The angle of acceptance of a shotgun microphone polar pattern quite depends on the length of the tube and some other design factors, this also includes the design of the microphone capsule itself.

When Should You Use A Lobar/Shotgun Microphone?

Shotgun microphones are often thought of as specialized or specialty microphones. While they excel in some situations, they are not even considered in many other applications. So, in this section, we will discuss in what condition or application it is best to utilize a shotgun or Lobar microphones, as well as those where it is not advisable to use these types of microphones.

Shotgun microphones are largely used and popular among filmmakers, but they are rarely used in the studios. These special microphones are mostly praised in their niche and are completely ignored in others. The other areas where Lobar or shotgun microphones are best applied are;

  • For the recording of a narrow-angle of audio.
  • Best to record directional sounds remotely without the fear of of-axis sounds filtering in.
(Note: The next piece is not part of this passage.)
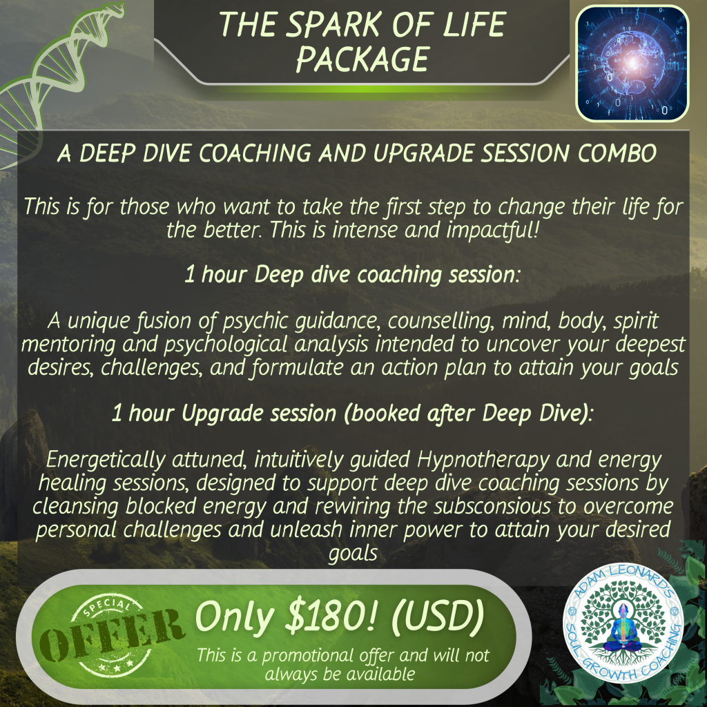 I have broken down individual services such as Counselling, Hypnotherapy, and Psychic readings/healing, to give more clarity on what they offer, which can be booked individually if you wish, further down this page. However, If you are truly looking to make deeply profound changes in your life, Soul Growth Coaching is what you need. If you are interested in Soul Growth Coaching you can book in a free discovery call where we can connect and figure out what is most important for your growth and if there is a way we can work with eachother. Alternatively, you can take advantage of the current promotional offer to start your journey to the best version of yourself straight away

Pros of the shotgun Lobar polar pattern

  • Good for recording wildlife, etc. because they have a high off-axis suppression or rejection
  • They can focus on a relatively small area that’s usually quite a distance from the microphone
  • Quite a several sound men have reported having used this kind of microphones for sound in video shoots and have also testified that the effect is quite pronounced when you listen to the sound through headphones
  • Using this microphone will produce excellent results if you are in a reverberant or very noisy room. This is the reason these types of microphones are used for live TV or talk shows

Cons of using the shotgun or Lobar polar pattern

  • Very limited application (e.g. long distance, isolated recordings)
  • In live sound reinforcement, it has to be used directly in front of foldback monitors
  • Whenever it is to be used, you have to conceal the microphone.